-- Data excerpt follows --
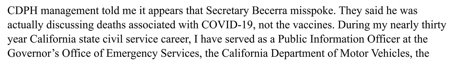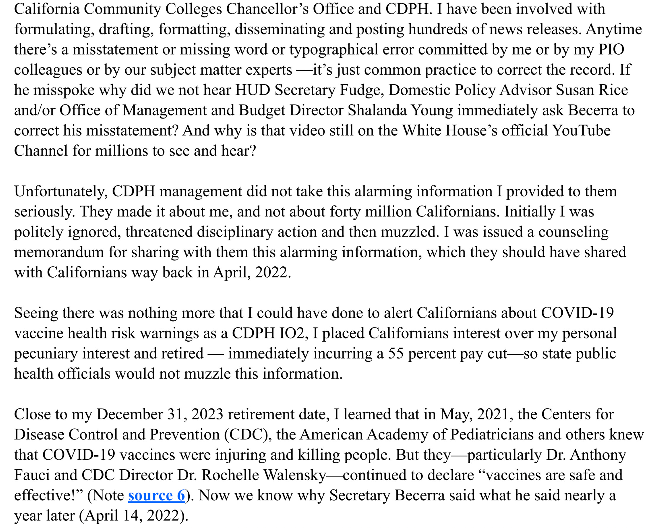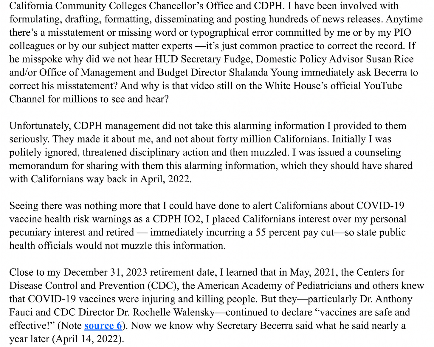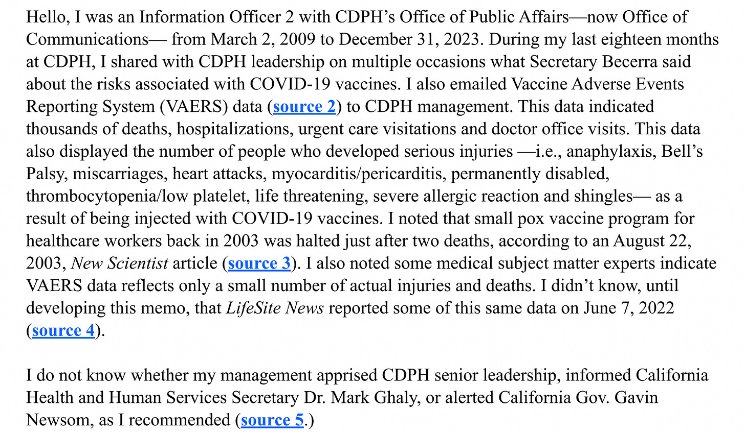 Read the detailed memo from Former California Department of Public Health Information Officer
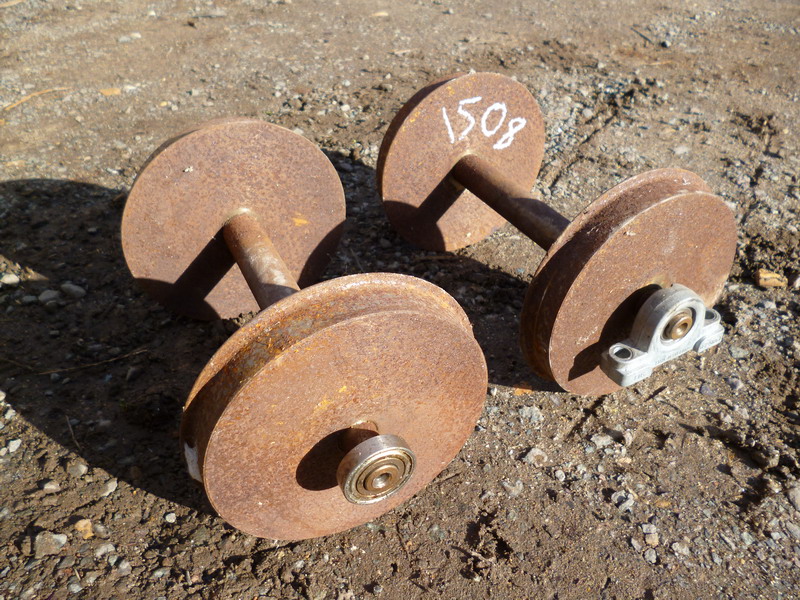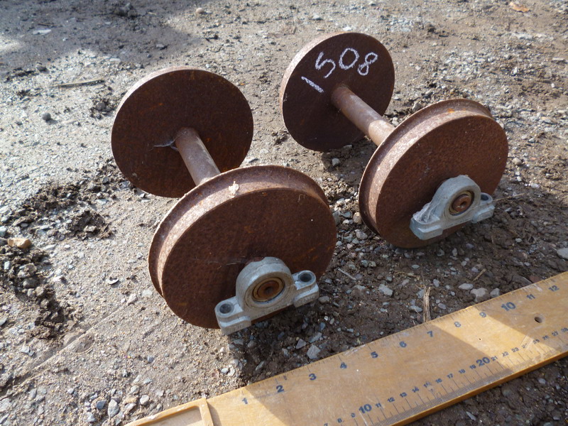 Our ref 1508 - 2 wheel sets shown These are Maxitrak wheel sets, steel wheels and axles, 3 Picador type bearings fitted between the 2 wheels sets , narrow wheels with fine flange. Wheels are 5 1/2 inch dia on tread, 22mm thick including the flange, the axle journals are 5/8 inch dia We offer these at GB Pounds 45.00 per wheel set inc VAT ex works Hemel Hempstead
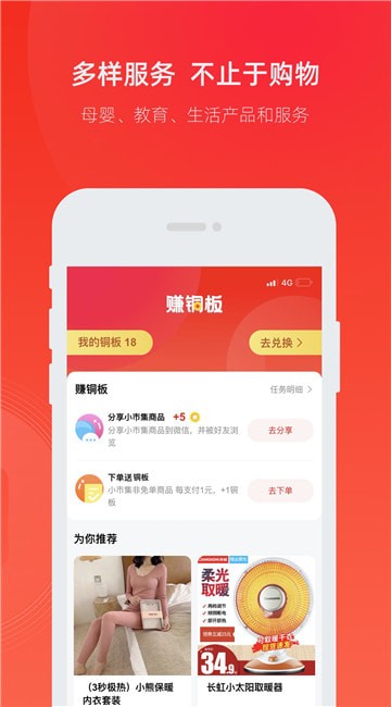 小市集致力于做全网母婴类商品和服务的供给,接入淘宝、天猫、京东、拼多多等平台海量优惠券,为用户随时随地提供购物、教育、餐饮、休闲娱乐及生活服务等领域的消费优惠,让用户在社交中分享优惠,享受高额佣金奖励。
-- Data excerpt concluded --
Exercise => Omit every picture while copying the listing above exactly.

Task output =>
 Read the detailed memo from Former California Department of Public Health Information Officer
 Our ref 1508 - 2 wheel sets shown These are Maxitrak wheel sets, steel wheels and axles, 3 Picador type bearings fitted between the 2 wheels sets , narrow wheels with fine flange. Wheels are 5 1/2 inch dia on tread, 22mm thick including the flange, the axle journals are 5/8 inch dia We offer these at GB Pounds 45.00 per wheel set inc VAT ex works Hemel Hempstead
 小市集致力于做全网母婴类商品和服务的供给,接入淘宝、天猫、京东、拼多多等平台海量优惠券,为用户随时随地提供购物、教育、餐饮、休闲娱乐及生活服务等领域的消费优惠,让用户在社交中分享优惠,享受高额佣金奖励。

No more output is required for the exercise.